= Louise Nettleton =

British archer and mountaineer

Louise Nettleton (née Dyer) (1874–1954) was a British archery champion and a mountaineer.

==Biography==
Louise Dyer was born in Surry in 1874, the daughter of Abraham Dyer, a chemist. In 1898 she married Charles William Nettleton (1871–1962) and during the Great War she was a certified mechanic in the Motor Section of the WVR. She died on 22 October 1954.

==Mountaineering==
Nettleton was a distinguished mountaineer who was elected President of the Ladies' Alpine Club (1920–1922). In the early 1900s she was "looked up to by her contemporaries as one of the really great climbers of those days".

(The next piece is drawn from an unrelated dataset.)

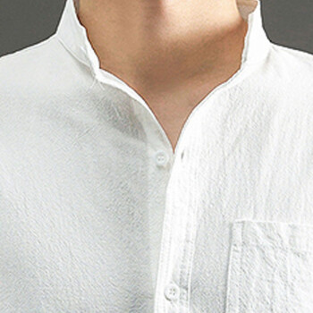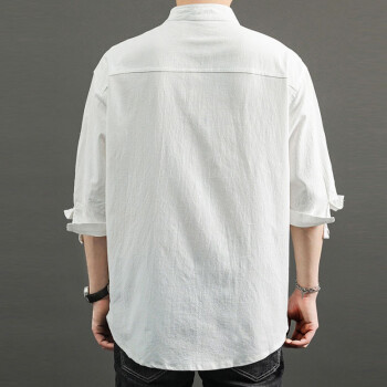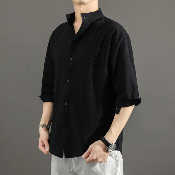 短袖衬衫>>半双 短袖衬衫男2020夏季新款宽松大码中国风亚麻衬衣薄款男士休闲七分袖棉麻寸衫yym 黑色 M (建议100-115斤)

She excelled at rock climbing, both in the Alps and on short technical routes in the UK. Amongst her more notable alpine achievements were the traverse of Monte Rosa in 1900; the Cinque Torri and Kleine Zinne in 1901; the Aiguille de Blaitiere in 1903; the Weisshorn in 1904 and the traverse of the Matterhorn in 1906. Her greatest alpine achievement during those years was leading the traverse of the Aiguille du Grépon in 1903, accompanied by her husband and a porter.

Prior to her alpine exploits she had led climbs in the UK which at the time were held to be particularly demanding. One of those was Kern Knotts Crack on Great Gable in the Lake District, about which George Abraham wrote "an expert, and none other should attempt the course" in the introduction to his book he adds that "The traverse of the Aiguille de Grepon at Chamonix is just as much rock-gymnastics as the ascent of Kern Knotts Crack on Great Gable". She led Kern Knotts Crack at the age of 23, only a year after Owen Glynne Jones had made the first ascent in 1897.

==Archery==
Nettleton's "fame as an archer was great". She was competing in international archery until her late 70s, and was present at every world championship until 1952. She was on the winning team at the World Archery Championships three times, in 1935, 1937 and 1946. and was awarded the gold medal in the women's individual competition at the 1938 World Archery Championships where she finished as co-champion with Nora Weston Martyr, no silver medal was awarded that year. In 1933, 1939 and 1946 she was the British National Champion and at the 1939 World Archery Championships she was awarded the bronze medal in the women's individual competition.

She was Honorary Vice-president of the Grand National Archery Society (later Archery GB), the Southern Counties Archery Society and the Royal Toxophilite Society.